J'aimais déjà les étrangères quand j'étais un petit enfant - Aragon
Lorsque nous évoquons les extraterrestres, notre imagination se porte immédiatement vers leur apparence. On se pose d’abord la question de la créature extraterrestre et on laisse son esprit divaguer sur des plasticités organiques multiples et variées un peu sur le modèle de la caméra de Lucas qui filme le sénat intergalactique lors de la prise de pouvoir du chancelier Palpatine. Mais en faisant ça, il se peut que nous cédions à la tentation d’éviter ce qui nous effraie réellement dans toute possibilité de vie extraterrestre et nous fascine en même temps à savoir la rencontre, et plus encore la rencontre avec de l’impossible à rencontrer.
Comment peut-on rencontrer ce dont nous n’avons pas la moindre idée, ce dont l’existence ne peut pas être approchée à partir de repères connus de nous? Le fait qu’il existe autant de films de science fiction qui finalement ne font que jouer sur l’horreur, sur la peur ou sur l’exploration de toutes les mutations génétiques possibles d’organismes extraterrestres nous semble « suspect », marqué par le déni, par une sorte de détournement, de divertissement par rapport à une vérité autrement plus dérangeante selon laquelle l’extraterrestre est infiniment plus proche que nous le soupçonnions. Mais pour bien saisir cela il faut que nous passions d’une réflexion sur la créature extraterrestre à l’évidence de « l’extraterrain ».

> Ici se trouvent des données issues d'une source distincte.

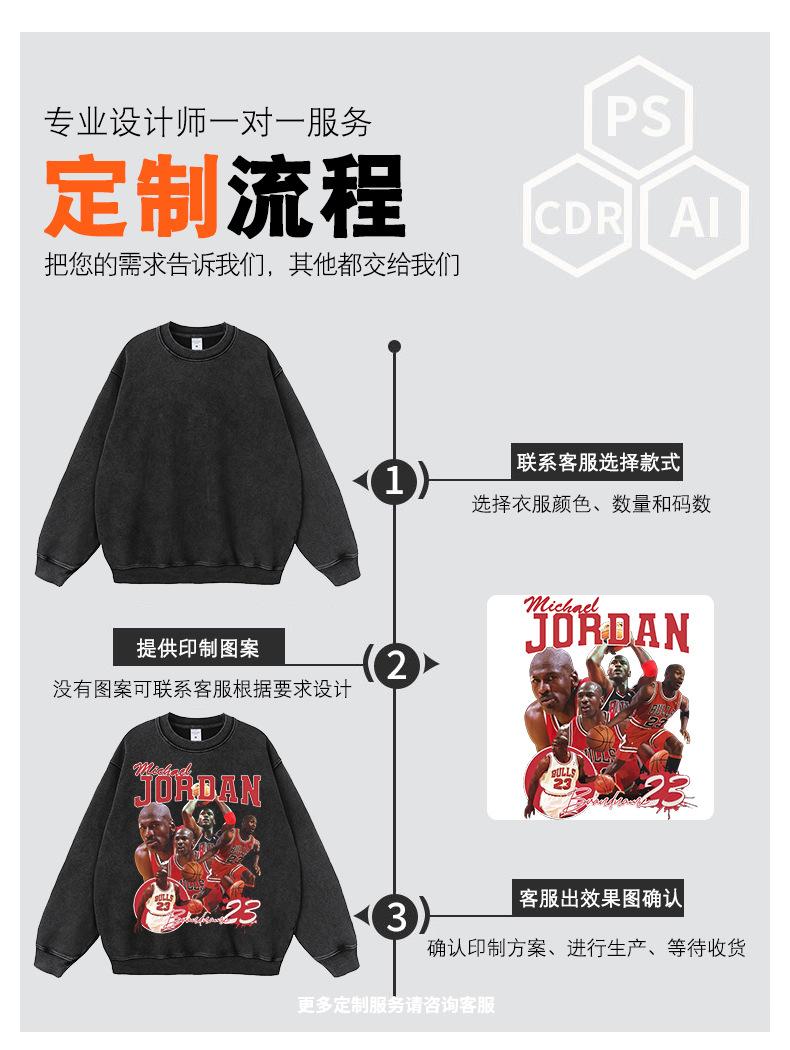 Sudaderas Vintage Transfronterizas de Alta Calidad Lavadas y Desgastadas con Estampados para Hombre y Mujer Sudaderas Casuales Americanas de Hip-Hop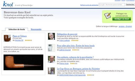 Une bonne nouvelle pour tous les rédacteurs francophone de Knol ou tous les futurs rédacteurs, la home page de Knol est arrivée en français présentant bien entendu des articles en français.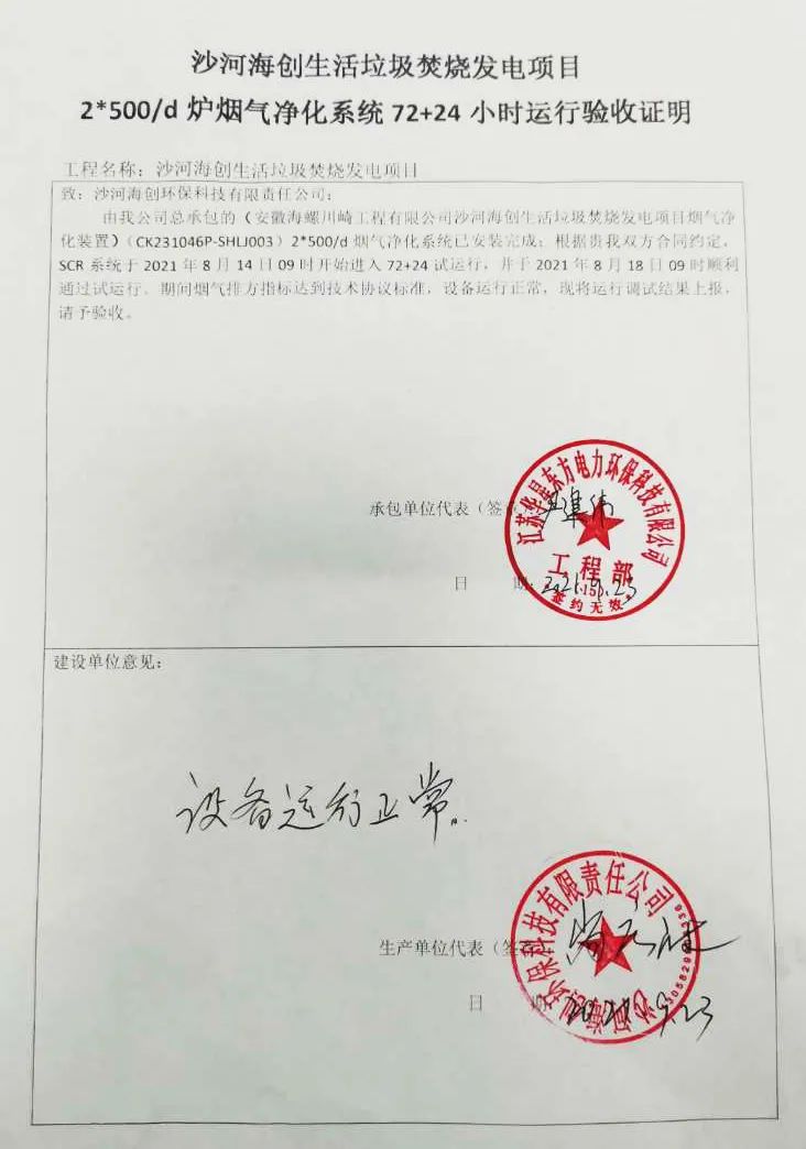 我公司承建的河北省邢臺沙河海創(chuàng)生活垃圾焚燒發(fā)電項目煙氣凈化工程于2021年6月19日通過72+24小時試運(yùn)行。

C’est quoi un extraterrain? C’est l’impossibilité de situer dans l’espace une rencontre, ou mieux encore: c’est la certitude qu’une expérience dépasse de son lieu, de toute limitation de lieu, que vous ne pouvez plus en aucune façon vous y comporter sur un territoire connu. L’étrangeté de la réalité avec laquelle vous entrez en contact est telle que vous en êtes déportée, décalé.e. Or ce décalage étrangement vous permet de réaliser plus et mieux que tout autre « qui » vous êtes, mais exactement comme un étranger, comme si il fallait qu’une expérience vous fasse sortir de votre « je » pour que vous y preniez contact avec quelque chose de plus authentique. Vous vous y rencontrez comme une étrangeté absolue à vos propres yeux et en même temps il n’y a aucun doute possible: c’est bien vous, et vous ne l’auriez jamais réalisé si une rencontre, ou une expérience n’avait pas fait souffler à votre oreille le vent glacial d’un dehors. C’est cela qui nous intéresse cette année: se découvrir « hors je » sur l’extra-terrain de la rencontre pressentie ou dépassée avec l’extra-terrestre (donc il y sera bien question de la présence extraterrestre mais aussi comme prétexte à l’expérience authentique de cet inconnu que l’on ne cesse de devenir à ses propres yeux).
Il est évident qu’à chaque référence aux extraterrestres, nous sommes parcourus d’une espèce de mélange de fascination et de crainte que de nombreuses oeuvres ont déjà exploré, mais il en est très peu qui aient vraiment pris la question au sérieux, parce que le fond de l’affaire n’est pas du tout de connaître leurs intentions pacifiques ou guerrières, leur apparence monstrueuse ou familière, leur niveau de développement (supérieur ou inférieur au notre) mais de s’interroger sur ce que cela nous fait à « nous » d’entrer en contact avec une présence inassimilable à la notre, et de se demander si finalement ce ne serait pas cela que nous appelons « une vraie rencontre » y compris dans notre vie d’aujourd ‘hui, sur terre, avec nos proches. Les problèmes qui parfois se font jour avec elles ou avec eux, ne pourraient ils pas venir du fait que nous ne leur accordions pas cette attention dont pourtant ils sont dignes d’être absolument AUTRES ? Reconnaître à nos proches le droit d’être les plus lointains et réaliser que c’est aussi dans la réflexion sur le plus lointain que nous faisons l'expérience authentique du « proche ». Si tout ceci ne vous apparaît que comme un jeu sur les mots, ou une volonté gratuite de jouer du paradoxe, c’est peut-être que vous manquez d’exemples alors que ceux ci pullulent, exemples de quoi? D’extra-terrains, d’expériences outrepassant leur cadre.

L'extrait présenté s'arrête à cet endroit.